How does one pretend to be an extrovert, you ask?
Quite simply. You act like you aren't afraid to be who you are. Which in my case, is just a tad bit ironic, because in acting like I wasn't afraid to be who I was, I have been hiding who I am. (Personality-ception...)
I sometimes find myself behaving like the life of the party - not that I actually go to parties, I meant that completely metaphorically ('aint nobody got time for that) - but at the same time being utterly unsure if my behavior is the right thing to do. If I'm being good enough for them (the royal them) to like me. To respect me. It's an unsettling realization.
In a class I took about the constructed self, we talked a lot about how there are theories that see the world as a stage, and ourselves as all of the players. I could really see that applying to my life. Not in that I see the world as a type of stage, but that I see my actions as staged - as if I'm following a set of instructions someone wrote on how to be a stereotypical funny, attractive, interesting, intelligent person. Someone who is good enough.
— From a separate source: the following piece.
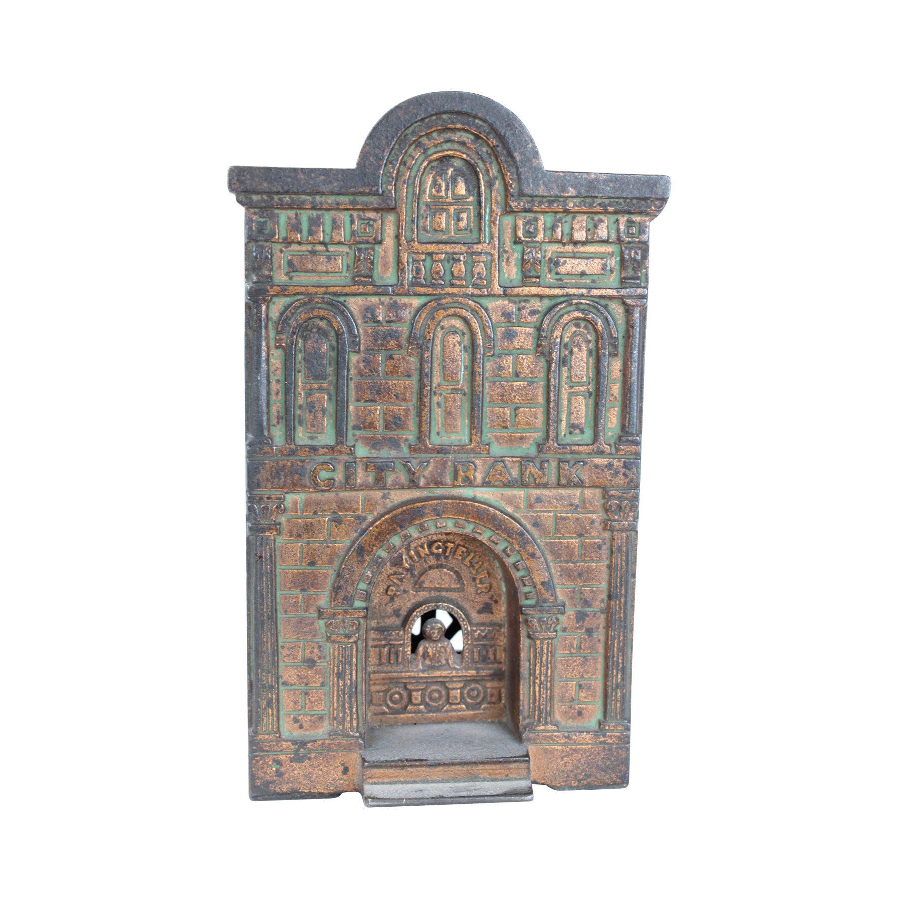 H.L. Judd Antique Cast Iron City Bank Building With Teller

I have been spending a lot of my time creating a facade to cover up my insecurities, which date back to when my age was in the single digits. I had a head-start in the insecurity department, let me tell you. Not only was I a rather chubby child, but I was also pretty nerdy, which doesn't earn you many points in an elementary school classroom. From the time I was really young I learned that the things that made me different weren't things to flaunt, so I covered those things with what I thought people would like, and I continued like that for a long time.
I never crossed any lines that I thought I shouldn't - like I never did drugs or got involved with anything truly harmful to myself, but I definitely put myself in situations that I shouldn't have and those aren't situations that I'm proud of. And the worst part? Those situations were all a product of me trying to make people like me. Because behind the loud, funny, outspoken person that I showed people, was a soft interior. Kind of like a tootsie pop, or a perfectly baked brownie (can you guess what I'm craving? It starts with a "c" and ends in "hocolate"...) I was fragile enough on the inside that I thought I needed to make a shell to protect myself. I stuck my introverted-ness inside an extrovert, kind of like a tur-duck-en is a chicken in a duck in a turkey. If you don't look closely enough, you might think that thing was a regular hunk of poultry, but you would be wrong in that assumption. Completely wrong. I have never had a tur-duck-en, but I can guess that they are nothing at all like your run-of-the-mill bird on the dinner table.
So in short, I am not a regular piece of poultry. I am a complicated one, especially since I don't quite know how to take the duck and chicken out of the turkey without cutting into it first. And that sounds pretty complicated in itself. But on the other hand, so is continuing the way I'm going right now. See, the biggest problem with being an introvert hiding in an extrovert, is that when I find people who understand where I am coming from with my feelings and my thoughts, then I latch on like a leech and I gush all of the feels - to the point that I think I am probably a little scary at times. My fiance was one of those people, and I often-times wonder how I managed to avoid driving him off when I first met him. I was quite the little over-sharer, because he understood. I could relate to him, and him to me. That's why we worked so well on a larger scale, and that's why we're here now.
Because of my fiance, and the wonderful people who I am surrounded by, I am slowly learning that God made me the way He did for a reason, and that the reason may be something I figure out someday, or it may not be. But that's okay too. Because I have somewhat separated myself from scenarios where I feel the need to hide my true colors in a box - I can take more steps back and have been learning how to be who I am effectively, without over-sharing, and being unendingly awkward.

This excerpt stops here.